After some spelunking through logs, I found some DB permissions errors. Obviously some DB calls were working, so that was odd, as I knew credentials were only specified in one place.

Another hour of research later, I discovered that MySQL views run as the user who created them, not the user who queries them. This actually makes sense for use cases where you want to give controlled read access to parts of the DB to a less-privileged user. Logically then, if that user is deleted, the view fails to run. And in this situation that’s exactly what happened.

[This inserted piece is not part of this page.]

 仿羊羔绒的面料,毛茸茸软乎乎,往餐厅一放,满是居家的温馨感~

There’s a number of lessons to be learned from this situation:

  1. A user probably should fail to delete if it owns other objects in the database. Otherwise unexpected side-effects occur.
  2. Accurate error messaging is essential to debugging. When trying to run the view, I got a simple “user does not have permission” error, which told me nothing about the underlying problem, which meant another hour or two of research. This goes for APIs especially. Please know when to use a 4XX vs. 5XX error especially, and even better learn the subtle differences between 502, 503, and 504, and when each should be used.
  3. Don’t try to diagnose problems on Friday afternoons before holiday weekends. You’re asking for trouble.
Do The Right Thing

Do The Right Thing

I love it when a programming language behaves in an unsurprising and helpful way. This is Python in a nutshell.

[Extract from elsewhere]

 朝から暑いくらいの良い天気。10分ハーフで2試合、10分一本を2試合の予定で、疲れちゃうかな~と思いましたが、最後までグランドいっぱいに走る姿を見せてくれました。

Consider the following situation I came across yesterday. I needed to pair off two lists. Naturally, Python has a built-in function for this:

x = [1, 2, 3]
y = ['a', 'b', 'c']
zip(x, y)
# [(1, 'a'), (2, 'b'), (3, 'c')]

But what happens if the lists are different lengths (as they were in my case)? Python does the logical thing, and stops with the shorter list:

x = [1, 2, 3]
y = ['a', 'b', 'c', 'd', 'e', 'f']
zip(x, y)
# [(1, 'a'), (2, 'b'), (3, 'c')]

This is exactly the behavior I needed, no special case handling required. Woot!

Gimme That Foot Gun

Gimme That Foot Gun

The past couple of days I wrote about the dangers of providing too much functionality. In a fit of cognitive dissonance I now want to contradict myself and demand dangerous power when it suits my needs.

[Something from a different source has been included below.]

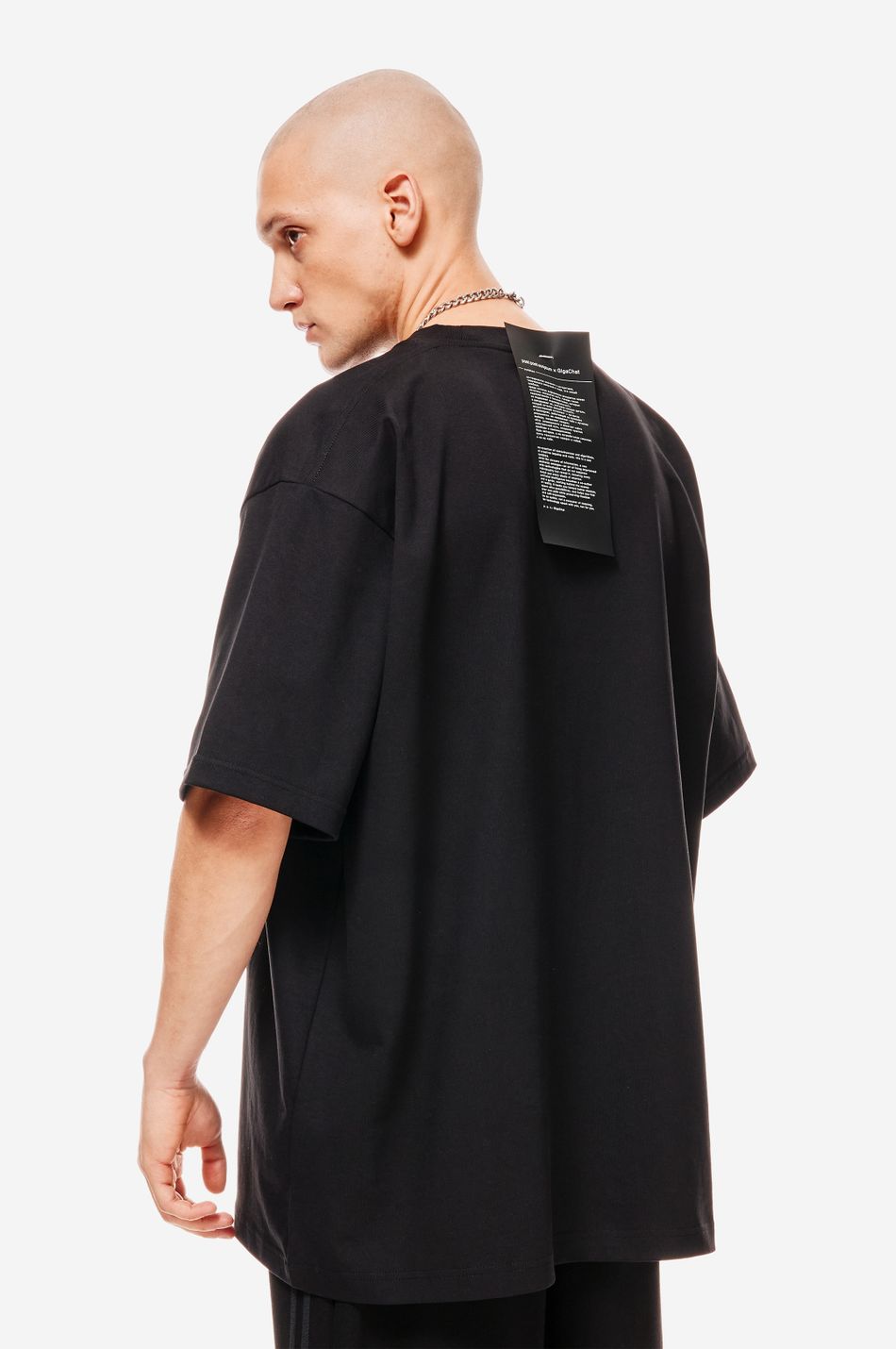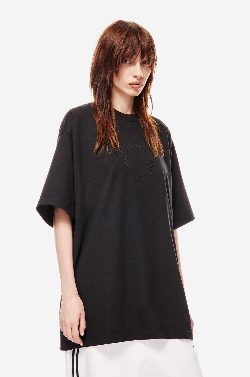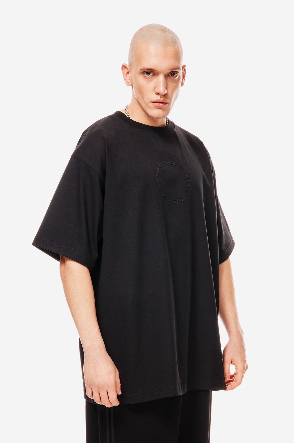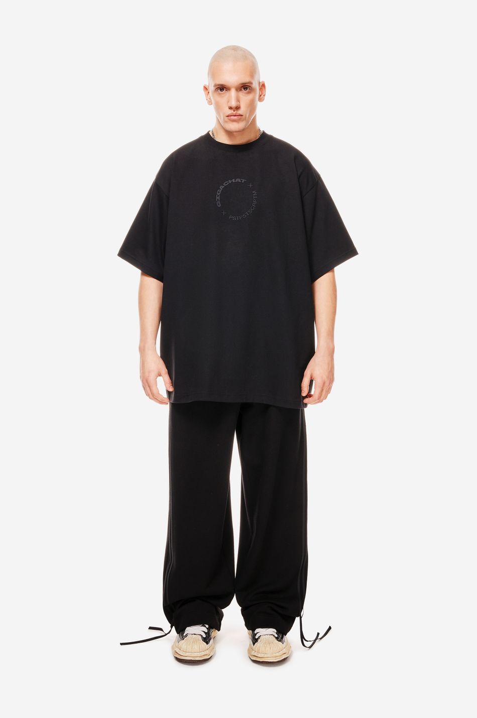 футболка силуэта oversize из плотного хлопка. модель с круглой горловиной и широкими рукавами дополнена спереди логотипом бренда, составленным из прорезиненных букв PSTPSTSCRPTM.

I’ve been working the past week to get a particularly gnarly application running in a set of docker containers. There are over a dozen services, plus a Rabbit queue and a database. Many of the services do not handle database connection failures in a robust way. During my testing I wanted a simple way to ensure they waited a bit before trying to connect, as the database container needs a minute or so to seed itself and get ready for connections.

Unfortunately,docker-compose does not have any form of manual startup delay feature. This is by design, as the Docker team (rightly) argues that having services intolerant to connection failure is a bad thing. However, it’s frustrating to not have the power to do the wrong thing in the short term.

Then again, it turns out it wasn’t too tough to augment my compose file with a depends_on clause that includes a health check, which is a more reliable solution anyways.